To help with these explainability issues, Microsoft researchers have developed the concept of Machine Teaching (MT). MT harvests human expertise to breakdown the problem that the AI is supposed to solve into smaller, more explainable ones. As Mark Hammond, Microsoft GM for business AI, in his blog post on machine teaching, wrote: “[MT] relies on people’s expertise to break a problem into easier tasks and give machine learning models important clues about how to find a solution faster. It’s like teaching a child to hit a home run by first putting the ball on the tee, then tossing an underhand pitch, and eventually moving on to fastballs.”
In real-life business use cases, AI engineers will leverage process expertise from operators and engineers to design the solution.
Machine Teaching key concepts
Contrary to what its name might suggest, machine teaching is less about specific Machine Learning (ML) algorithms and is more about leveraging expertise from process practitioners to help design AI solutions.
A recent development in the AI field, MT optimizes AI design by harvesting human expertise. It impacts multiple aspects of the AI solution design and training.
Specifically, with Autonomous systems where MT is most commonly used, this expertise is used to define four key aspects:
- Solution parameters selection
- Application scope
- System design
- Training parameter (aka the so-called “reward function”)

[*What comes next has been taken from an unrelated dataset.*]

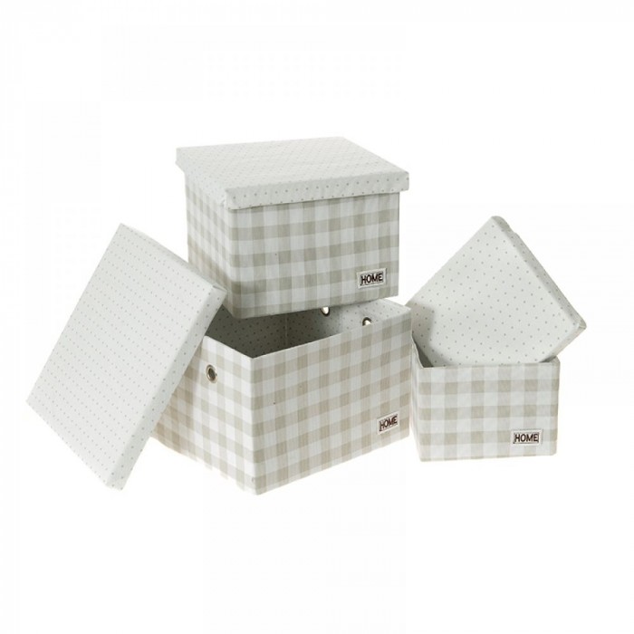 Кутии, бели, кариран плат, HOME, к-т 3 бр.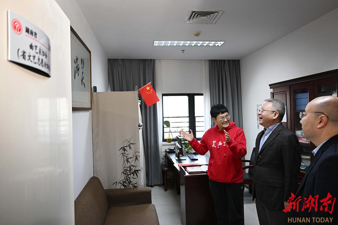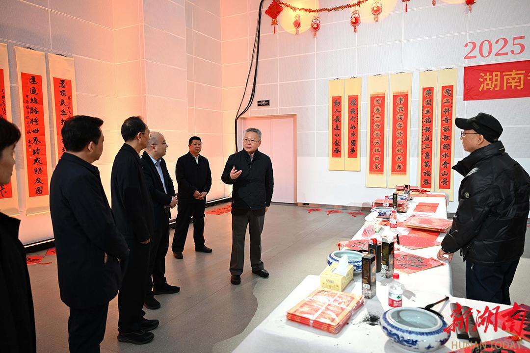 在省画院、省文联麓山剧场,沈晓明参观书画名家作品展和文艺成果展示,深入了解省画院管理运行、服务艺术家创作、文艺人才培养和文艺惠民活动等情况。他指出,文艺工作者要深入基层、面向群众,把优秀文艺作品送到群众中去。要不断拓展文艺形式,丰富文艺演出,让文艺工作者有更多“用武之地”。沈晓明还来到省文联机关,与文艺工作者和干部职工亲切交流,提前向大家致以新春祝福。

Solution parameters selection using Machine Teaching
In real life systems, the number of potential variables that an AI controller might need to consider could be very large. However, in most cases, only a subset of those parameters is significant for controlling a system.
Let’s start by using a car analogy to illustrate that concept. There are hundreds, if not thousands, parameters that impact a car’s gas consumption, from tire pressure to gasoline quality to driving habits and more. However, during normal operations and once the tire pressure is set, and the gas tank is filled, the principal elements to estimate gas consumption are traffic and the driver’s skills.
A similar approach is also relevant for control systems, supply chains, or any other advanced system an AI would control. By leveraging the expertise of the people that have designed and are managing, operating, and maintaining the system, AI practitioners can select the most relevant inputs and outputs necessary to build this AI control system
Similarly, the same experts will be able to define the scope of those inputs and outputs. Their expertise will help specify the parameters ranges the system should support.
The scope can be as simple as defining mean minimum and maximum values for each parameter. However, these parameters could also be correlated so that a simple range definition would not be enough.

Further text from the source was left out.